:: Action item ::
Copy exactly. Include the line containing "Athleta Salutation Stash", every line after it, and the last line below, but no pictures.

:: Data segment ::
--- START ---

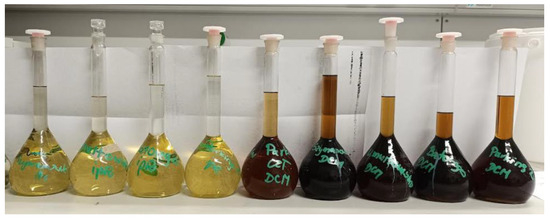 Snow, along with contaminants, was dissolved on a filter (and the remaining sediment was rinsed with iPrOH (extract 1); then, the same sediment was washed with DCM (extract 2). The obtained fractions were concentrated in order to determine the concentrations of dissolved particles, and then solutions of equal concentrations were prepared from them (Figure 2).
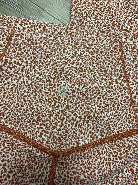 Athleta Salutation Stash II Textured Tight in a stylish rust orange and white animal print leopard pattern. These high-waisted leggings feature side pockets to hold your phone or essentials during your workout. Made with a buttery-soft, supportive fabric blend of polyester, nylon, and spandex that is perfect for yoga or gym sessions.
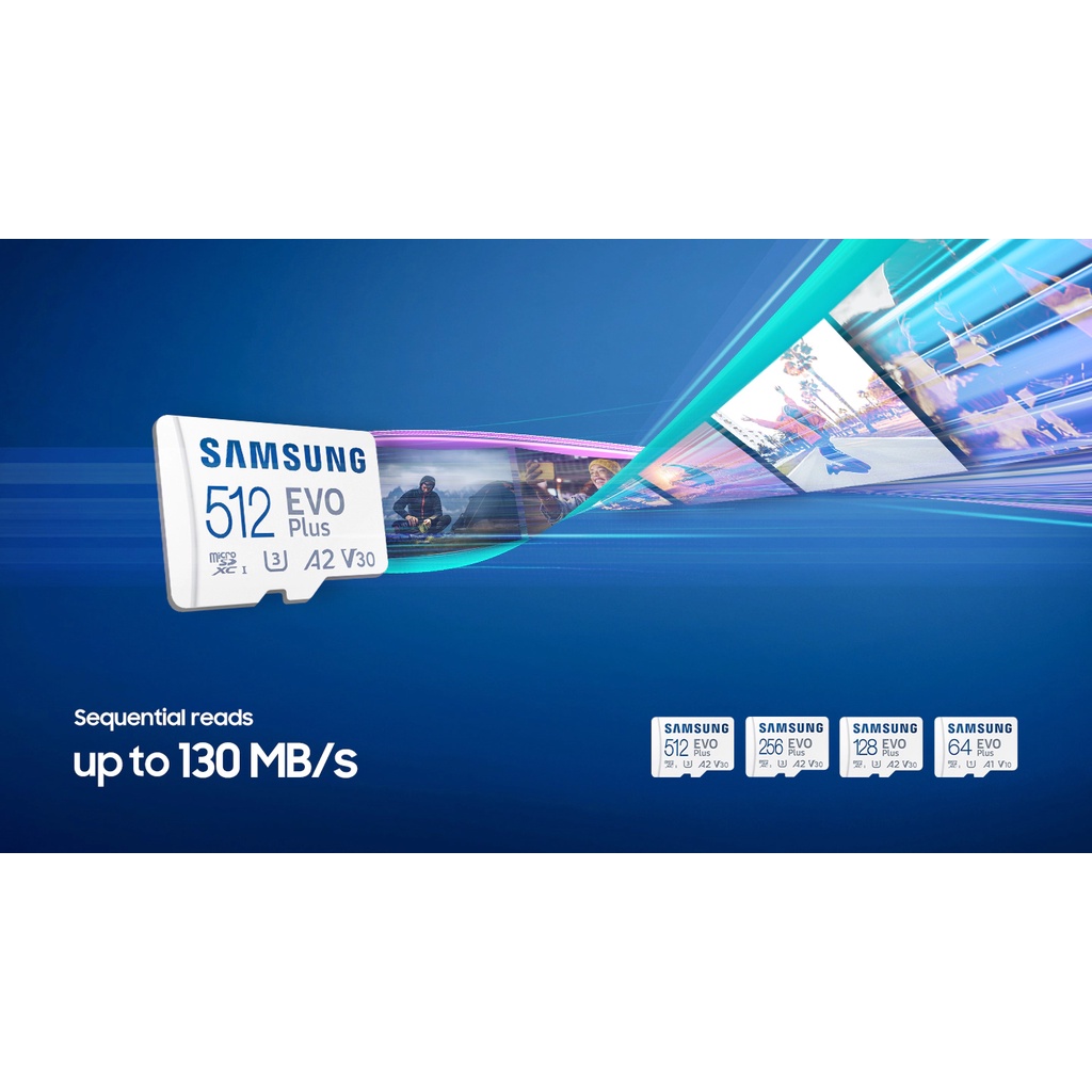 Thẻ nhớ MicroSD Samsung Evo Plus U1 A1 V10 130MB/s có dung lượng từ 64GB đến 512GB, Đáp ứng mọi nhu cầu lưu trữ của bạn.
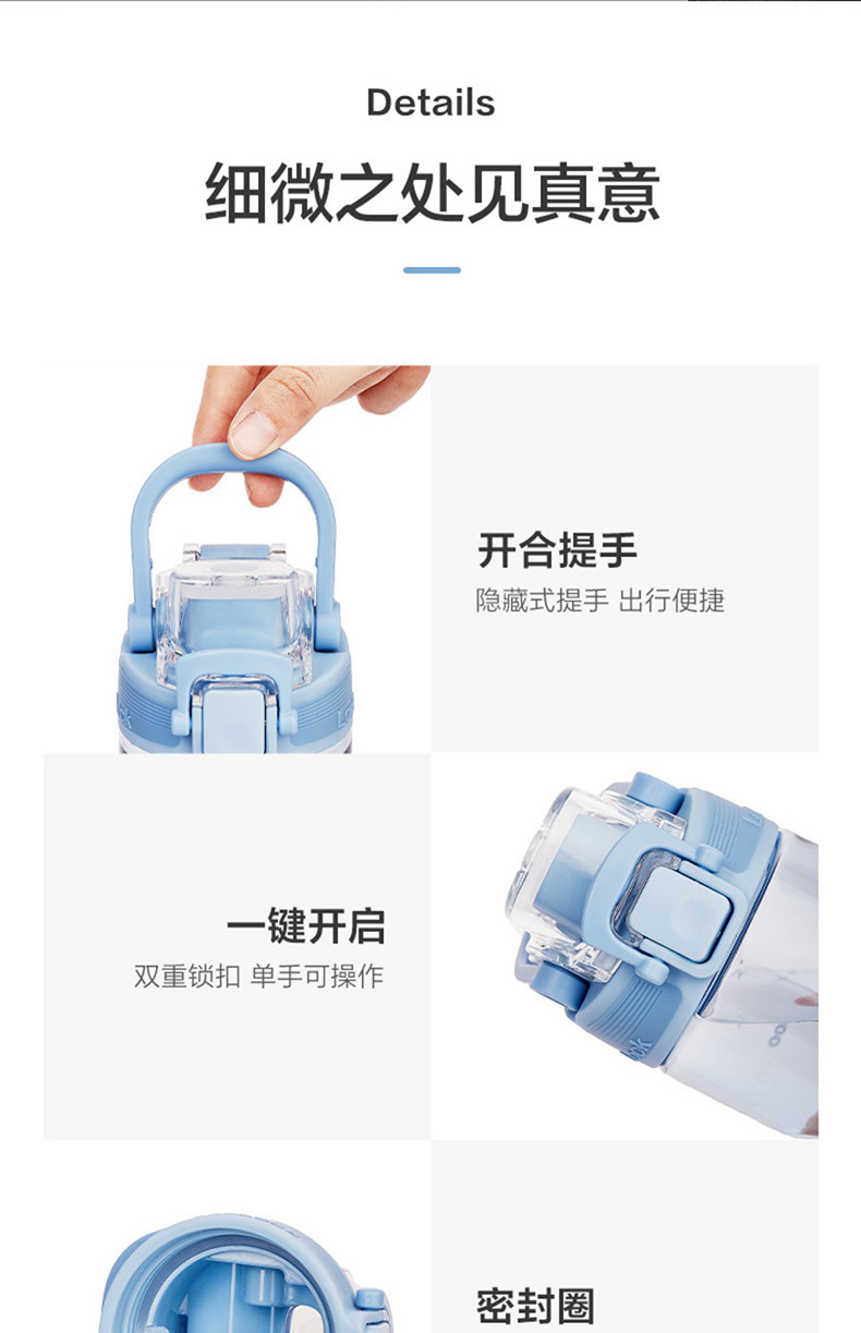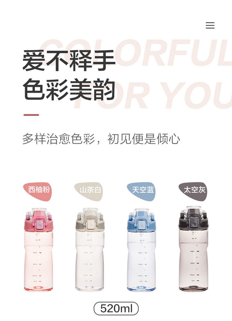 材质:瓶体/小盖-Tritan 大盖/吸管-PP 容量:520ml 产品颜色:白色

--- END ---

:: Answer area ::
 Athleta Salutation Stash II Textured Tight in a stylish rust orange and white animal print leopard pattern. These high-waisted leggings feature side pockets to hold your phone or essentials during your workout. Made with a buttery-soft, supportive fabric blend of polyester, nylon, and spandex that is perfect for yoga or gym sessions.
 Thẻ nhớ MicroSD Samsung Evo Plus U1 A1 V10 130MB/s có dung lượng từ 64GB đến 512GB, Đáp ứng mọi nhu cầu lưu trữ của bạn.
 材质:瓶体/小盖-Tritan 大盖/吸管-PP 容量:520ml 产品颜色:白色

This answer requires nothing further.